Case Presentation: Here is a case report that describes an immunized immunocompetent 17-year-old male who presented with acute onset sharp migratory poly-articular pain and swelling as a solitary complaint that began in the left hip and right wrist associated with night sweats and difficult ambulation. Fever and other systemic symptoms were absent. Upon initial work-up, he had significantly elevated inflammatory markers with CRP of 19 and ESR of 120 but a normal WBC of 9.4 with 68% neutrophils. Infectious and rheumatologic work-up was done. Blood culture at 20 hours showed growth of beta lactamase negative Haemophilus influenzae (Hi). Additional tests were remarkable for borderline low complement C4 level, positive anti-histone antibody with negative ANA titre but negative HIV serology, and normal immunoglobulin panel and other complement levels. Imaging included MRI of sacrum which showed unilateral left-sided sacroiliitis with bone marrow edema of left iliac bone and MRI right hand with diffuse subcutaneous tissue edema. The patient was diagnosed with bacteremia and poly-articular (left sacroiliac, right hand, bilateral shoulder, and right ankle) septic arthritis. Aspirate obtained from the left sacroiliac joint after antibiotic initiation only grew Staphylococcus epidermis that was considered a contaminant. The patient underwent aggressive treatment with parenteral antibiotics and completed two months of extensive regimen (including oral) to achieve complete remission.

Discussion: Isolation of Hi as a causative pathogen for invasive septic arthritis and bacteremia in an immunocompetent individual has been unusual in the post-vaccination era. The incidence of invasive disease by H influenzae type b (Hib) has declined substantially since the advent of vaccines per data from Centers for Disease Control and Prevention (CDC). However, an increase in incidence of ~ 16% has been noticed in invasive disease by non-Hib strains particularly nontypeable Hi (NTHi) and non-b encapsulated serotype a in the United States from 2009 to 2015. While NTHi may cause invasive disease in all age groups, they are supposed to be less virulent and manifest predominantly in infants and elderly population. Additionally, H influenzae affecting multiple joints is an uncommon occurrence. Due to this rarity in clinical presentation, we felt this case report will provide additional insight on Hi virulent strains, its unique presentation and management strategies particularly in musculoskeletal infections.

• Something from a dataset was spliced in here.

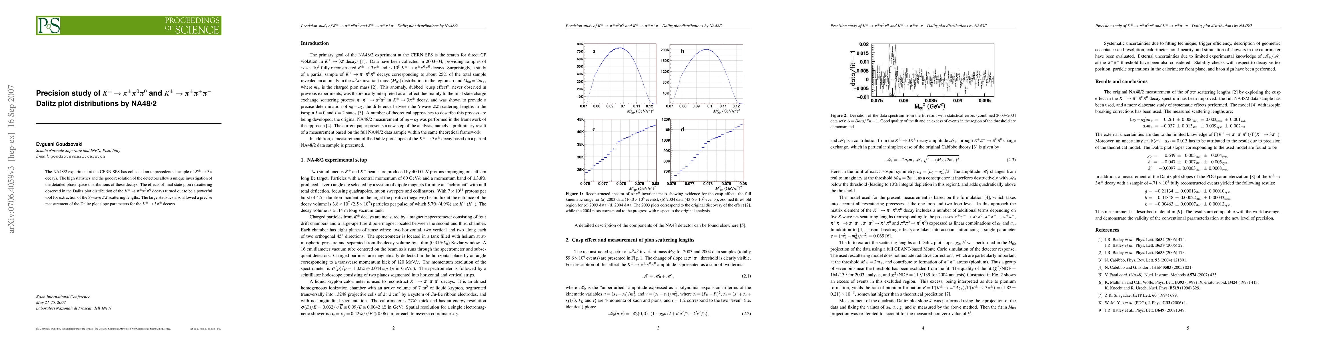 The NA48/2 experiment at CERN SPS provides a detailed analysis of $K^\pm\to3\pi$ decays, revealing final state pion rescattering effects in $K^\pm\to\pi^\pm\pi^0\pi^0$ Dalitz plots and enabling precise extraction of S-wave $\pi\pi$ scattering lengths. Additionally, the study measures Dalitz plot slope parameters for $K^\pm\to3\pi^\pm$ decays with high precision.
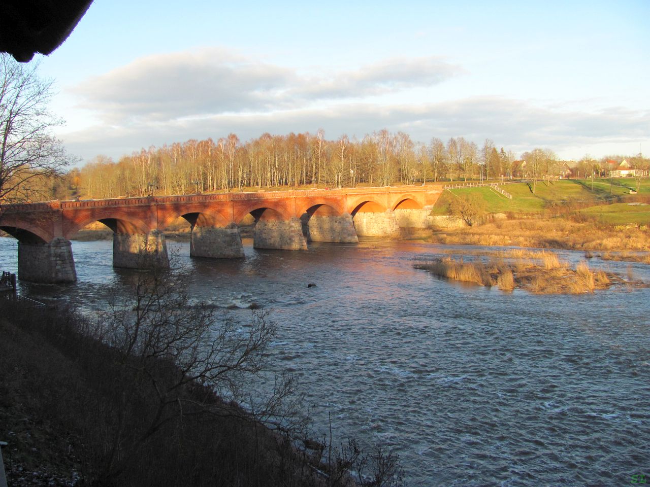 А немного ниже по течению, напротив водопада Вентас, еще одна достопримечательность Кулдиги - кирпичный мост. Это третий по длине (164 м) кирпичный мост Европы. Построен он за год в 1874 году по образцу древнеримского моста через р. Мозель, но в 1915–м были взорваны два его пролета, а в 1926 году мост отремонтировали и в 2008 г отреставрировали, и он сейчас очень хорошо выглядит и служит действительно мостом, по нему и люди идут, и машины едут. | |

Conclusions: Vaccine preventable causes of infections may often get overlooked, particularly in the immunized population. This case report is one of the very few cases available in literature that describes H influenzae invasive infection in a healthy immunized child with no predisposing risk factors and with his unusual presentation and gives an account of management strategies used. Due to paucity of such cases and under-studied pathogenicity of non-capsulated strain, management strategies remain limited.